#### INSTRUCTIONS TO FOLLOW
Retype all the entries word for word, but omit the pictures.

#### DATA FOR THIS TASK
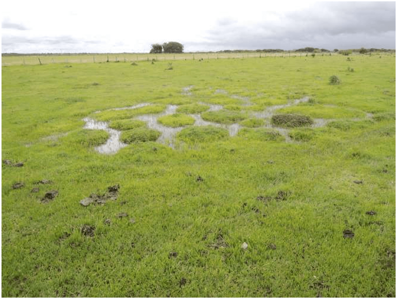 Durante la temporada de lluvias, es común observar un paisaje muy específico formado por montículos cubiertos de hierbas rodeados por agua, que alcanzan los 2 metros de alto y los 5 metros de diámetro.
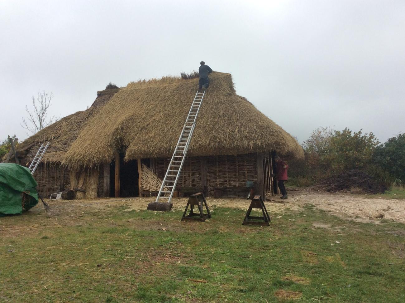 This year we have been constructing a Saxon house based on evidence from Chalton, the village closest to the farm. The evidence is good and clear, showing post holes which would have held the door frame. This space was not very wide at 800 mm. The Equality Act 2010 (EA) and the Disability Discrimination Acts (DDA) of 1995 to 2005 give disabled people important rights of access to everyday services. We have followed government advice that doorways should be a minimum of 813 mm wide to allow access for wheelchairs. So, in order to accommodate everyone we have widened the doorway slightly to conform to government guidelines, but this has altered the resulting structure too little to be noticeable. We feel that making that small change is essential to ensure all our visitors can enjoy a good experience.
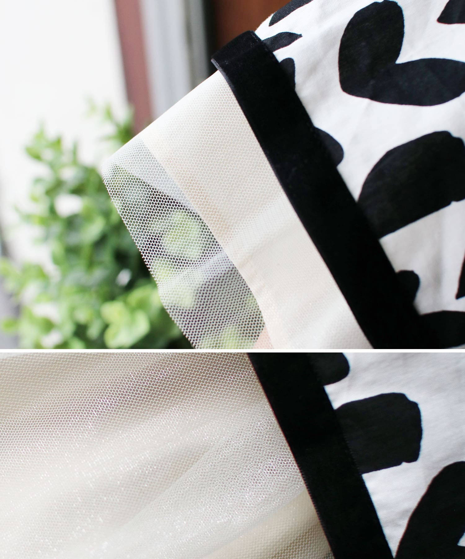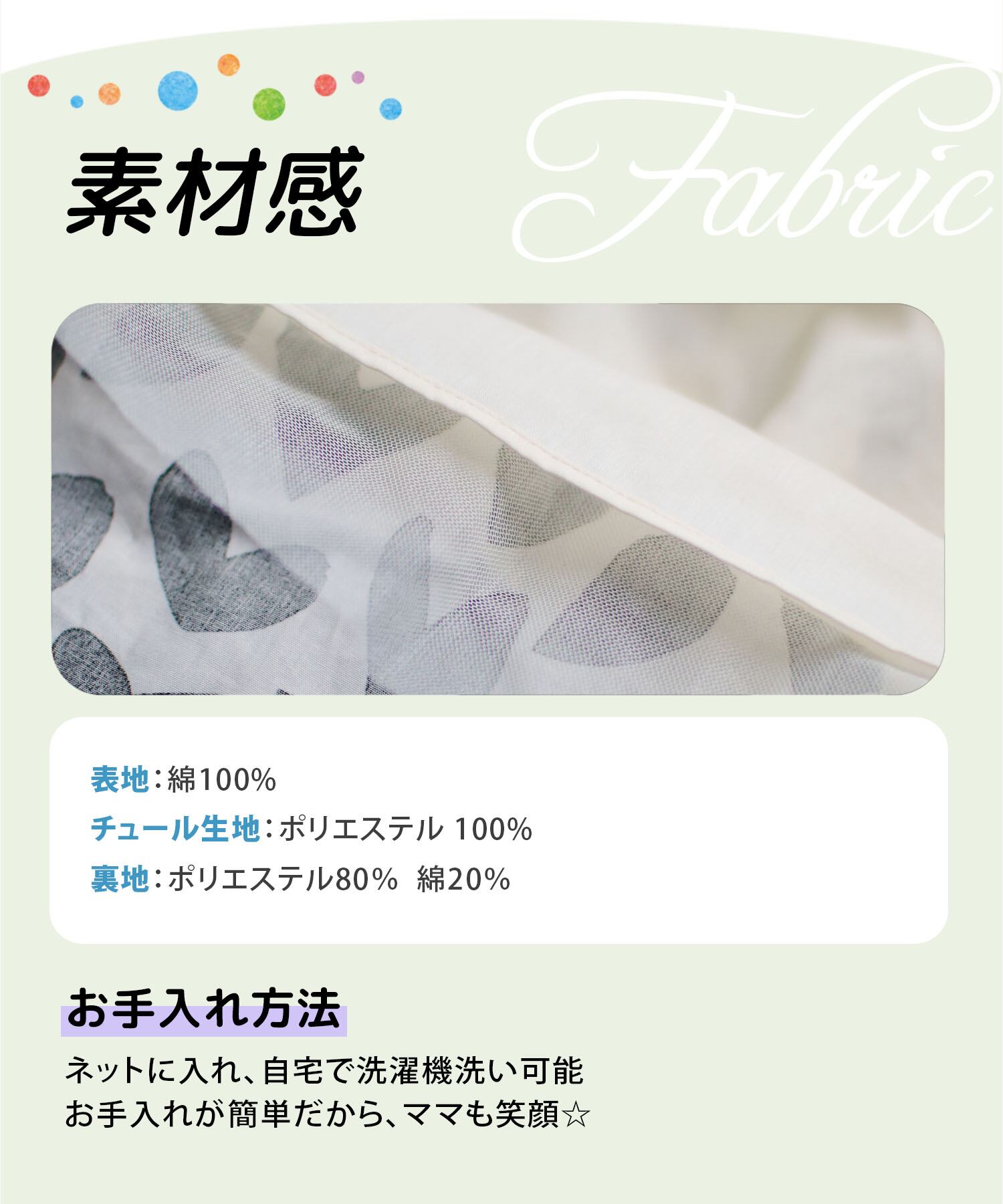 表地:綿100%/チュール生地:ポリエステル100%/裏地:ポリエステル80%、綿20%/ウエスト部分:ポリエステル100%
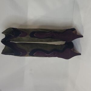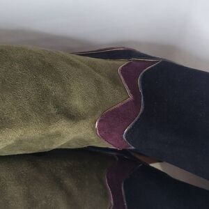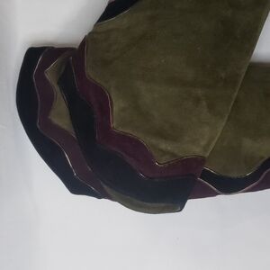NWT GRAZIA Suede Patchwork Kitten Heel Slouchy Tall Boots Made in Spain
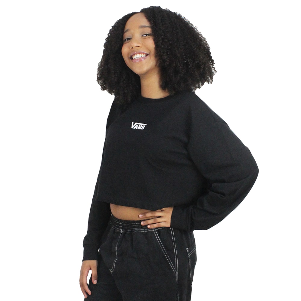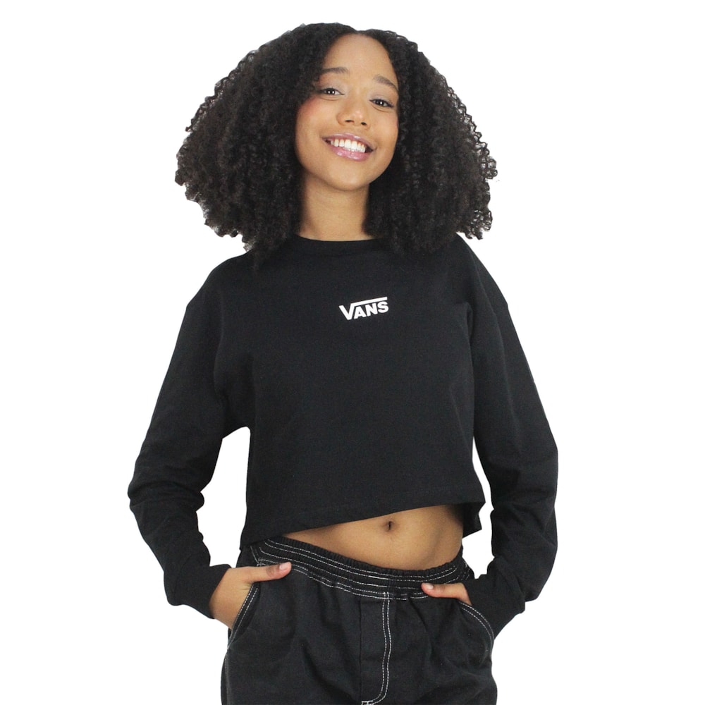 A Camiseta Vans Flying V Crop Manga Longa Black é produzida em tecido 1/2 malha 100% algodão com modelagem Cropped manga longa, estampa exclusiva Vans Classic em silk no peito. Etiqueta Vans personalizada aplicada na costura lateral.
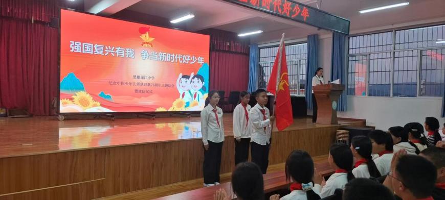 为庆祝中国少年先锋队建队76周年,深入学习贯彻习近平总书记关于少年儿童和少先队工作的重要论述,引导广大少先队员传承红色基因,争做新时代好少年,楚雄龙江中学于2025年10月13日18:30,在学校六楼大会议室举行了“强国复兴有我 争当新时代好少年”初一年级少先队建队仪式。学校团委代表、全体辅导员及初一年级全体少先队员共同参加了此次庄严而富有教育意义的盛会。

#### TASK ANSWER
 Durante la temporada de lluvias, es común observar un paisaje muy específico formado por montículos cubiertos de hierbas rodeados por agua, que alcanzan los 2 metros de alto y los 5 metros de diámetro.
 This year we have been constructing a Saxon house based on evidence from Chalton, the village closest to the farm. The evidence is good and clear, showing post holes which would have held the door frame. This space was not very wide at 800 mm. The Equality Act 2010 (EA) and the Disability Discrimination Acts (DDA) of 1995 to 2005 give disabled people important rights of access to everyday services. We have followed government advice that doorways should be a minimum of 813 mm wide to allow access for wheelchairs. So, in order to accommodate everyone we have widened the doorway slightly to conform to government guidelines, but this has altered the resulting structure too little to be noticeable. We feel that making that small change is essential to ensure all our visitors can enjoy a good experience.
 表地:綿100%/チュール生地:ポリエステル100%/裏地:ポリエステル80%、綿20%/ウエスト部分:ポリエステル100%
NWT GRAZIA Suede Patchwork Kitten Heel Slouchy Tall Boots Made in Spain
 A Camiseta Vans Flying V Crop Manga Longa Black é produzida em tecido 1/2 malha 100% algodão com modelagem Cropped manga longa, estampa exclusiva Vans Classic em silk no peito. Etiqueta Vans personalizada aplicada na costura lateral.
 为庆祝中国少年先锋队建队76周年,深入学习贯彻习近平总书记关于少年儿童和少先队工作的重要论述,引导广大少先队员传承红色基因,争做新时代好少年,楚雄龙江中学于2025年10月13日18:30,在学校六楼大会议室举行了“强国复兴有我 争当新时代好少年”初一年级少先队建队仪式。学校团委代表、全体辅导员及初一年级全体少先队员共同参加了此次庄严而富有教育意义的盛会。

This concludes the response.